- Born: March 3, 1943 Towyn, Wales
- Died: May 23, 2015 (aged 72)
- Occupation: Writer

= Carole Seymour-Jones =

Welsh writer

Carole Veronica Gillian Seymour-Jones (3 March 1943 – 23 May 2015) was a Welsh writer. She taught history at Surrey University. She wrote biographies of Beatrice Webb and Vivienne Haigh-Wood Eliot.

==Biography==

Seymour-Jones was born in Towyn, north-west Wales, the daughter of a prominent surgeon. She was raised in Southsea.

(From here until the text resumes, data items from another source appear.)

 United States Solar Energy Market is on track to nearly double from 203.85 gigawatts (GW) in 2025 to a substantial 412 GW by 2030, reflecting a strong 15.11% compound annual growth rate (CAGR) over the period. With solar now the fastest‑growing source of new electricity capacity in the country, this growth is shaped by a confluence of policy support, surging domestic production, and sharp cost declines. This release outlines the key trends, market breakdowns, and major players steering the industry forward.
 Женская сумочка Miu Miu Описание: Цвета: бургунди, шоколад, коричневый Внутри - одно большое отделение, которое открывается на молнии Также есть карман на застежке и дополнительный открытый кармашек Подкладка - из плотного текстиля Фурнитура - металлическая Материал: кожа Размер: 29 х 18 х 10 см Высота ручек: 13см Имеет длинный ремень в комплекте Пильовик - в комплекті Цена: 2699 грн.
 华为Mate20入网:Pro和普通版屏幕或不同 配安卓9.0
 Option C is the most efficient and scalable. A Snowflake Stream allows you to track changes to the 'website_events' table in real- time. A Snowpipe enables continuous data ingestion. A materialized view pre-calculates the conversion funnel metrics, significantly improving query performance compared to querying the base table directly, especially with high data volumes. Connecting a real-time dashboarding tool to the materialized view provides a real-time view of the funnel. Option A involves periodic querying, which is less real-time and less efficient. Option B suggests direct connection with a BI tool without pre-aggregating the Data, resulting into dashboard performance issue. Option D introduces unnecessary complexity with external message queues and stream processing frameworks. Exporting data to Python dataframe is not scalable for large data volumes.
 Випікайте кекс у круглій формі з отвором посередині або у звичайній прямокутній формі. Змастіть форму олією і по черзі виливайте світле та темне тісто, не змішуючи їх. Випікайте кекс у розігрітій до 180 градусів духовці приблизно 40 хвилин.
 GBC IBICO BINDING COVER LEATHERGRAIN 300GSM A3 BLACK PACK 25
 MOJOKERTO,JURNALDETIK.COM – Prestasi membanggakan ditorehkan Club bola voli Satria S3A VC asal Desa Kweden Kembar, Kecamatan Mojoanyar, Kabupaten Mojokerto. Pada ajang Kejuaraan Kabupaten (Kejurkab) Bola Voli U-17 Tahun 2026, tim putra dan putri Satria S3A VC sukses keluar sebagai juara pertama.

She studied history at Lady Margaret Hall, Oxford, but left after her first year, under family pressure, to marry the stockbroker Robert Bigland. She completed her history degree with the Open University, while raising four children, and later gained her master's degree at Sussex University. She taught history to adults at Surrey University and to sixth formers.

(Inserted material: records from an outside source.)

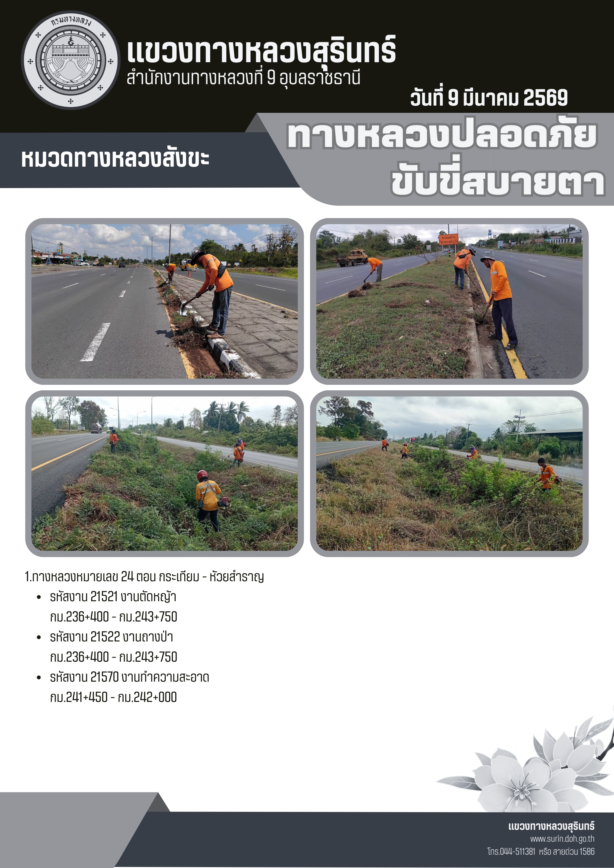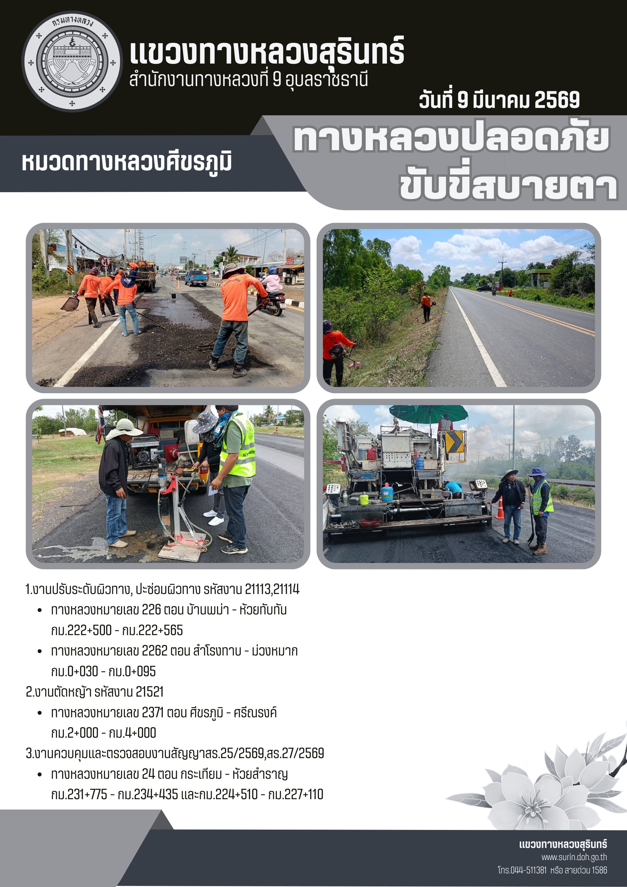 ทางหลวงปลอดภัย ขับขี่สบายตา 9 มีนาคม 2569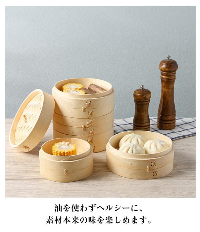 | 竹せいろ 2段 蓋付き 21?26cm 通気性に優れた竹材の蒸篭です。 繊維の密度が高く、食材を蒸す時に水蒸気を吸収するので、蒸篭の内側に水滴がたまりにくくなります。 2段重ねることで、複数のメニューを同時に調理ができます。 油を使わずヘルシーに、素材本来の味を楽しめます。 | |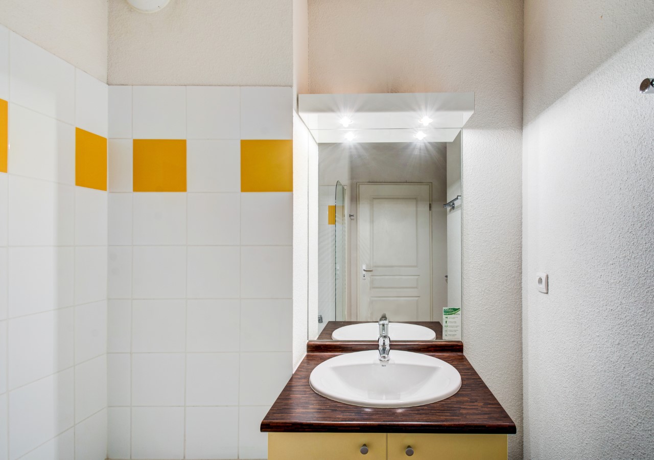 De badkamer is uitgerust met een bad en een geïntegreerd toilet, zodat je tijdens je verblijf verzekerd bent van gemak en comfort.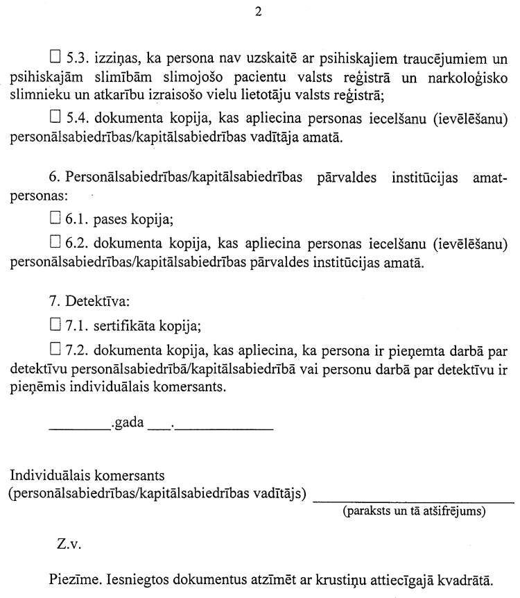 5.7.2. dokumenta kopiju, kas apliecina, ka licences pretendents personu ir pieņēmis darbā par detektīvu.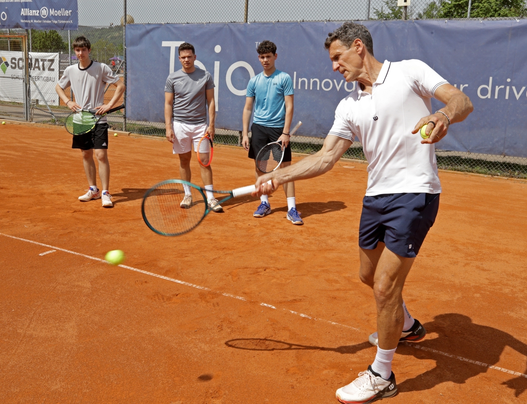 „Training mit Davis-Cup-Sieger und Kapitän des Teams Patrik Kühnen“ - das stand gestern am 1. Mai auf dem Tagesprogramm der Topspieler beim Tennis-Club Schorndorf (TCS). Und der 58-Jährige, der in Püttlingen im Saarland geboren wurde, brachte die Topspieler und -spielerinnen der Daimlerstadt gehörig auf Touren. Und zum Schluss durfte auch noch die siebenjährige Romy Szcech ran.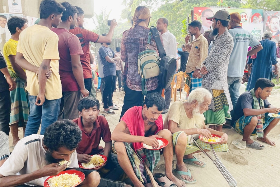 প্রথম দিনে চিকন চালের ভাত ও গরুর গোশতের আয়োজন করা হয়। রাসেল মিয়া জানান, প্রচারণার জন্য একটি নির্দিষ্ট বাজেট ছিল। তিনি বলেন, “যদি বাইরে কোনো রেস্টুরেন্টে আয়োজন করতাম, প্রচুর খরচ হতো। এ বাজেট দিয়েই আমরা এখানকার মানুষদের এক মাসের খাবার দিতে পারি। এতে প্রচারণাও হলো, মানুষও খেতে পেল।”

Although she had been writing educational books for some years, Seymour-Jones' career as a biographer began after the breakup of her first marriage after 26 years in the early 1990s. She was the author of Beatrice Webb: A Life (1992); Painted Shadow: The Life of Vivienne Eliot, First Wife of T.S. Eliot (2001), which she wrote as a visiting fellow at the University of Texas at Austin; and A Dangerous Liaison (2009), about the relationship between Simone de Beauvoir and Jean-Paul Sartre. She also wrote a biography of SOE agent Pearl Witherington, She Landed By Moonlight: The Story of Secret Agent Pearl Witherington: the 'real Charlotte Gray (2013). She wrote for the New Statesman and the Times Higher Education Supplement, and was co-editor of Writers Under Siege: Voices of Freedom from Around the World (2007). She served on the executive committee of the English PEN, the writers' association, from 1997 to 2001, sat on its Books to Prisoners Committee, and chaired its Writers in Prison Committee.

==Marriage==

Seymour-Jones met the probation officer and radio playwright Geoffrey Parkinson in 1992; the couple married in 2012. Parkinson died in 2014; Seymour-Jones died on 23 May 2015.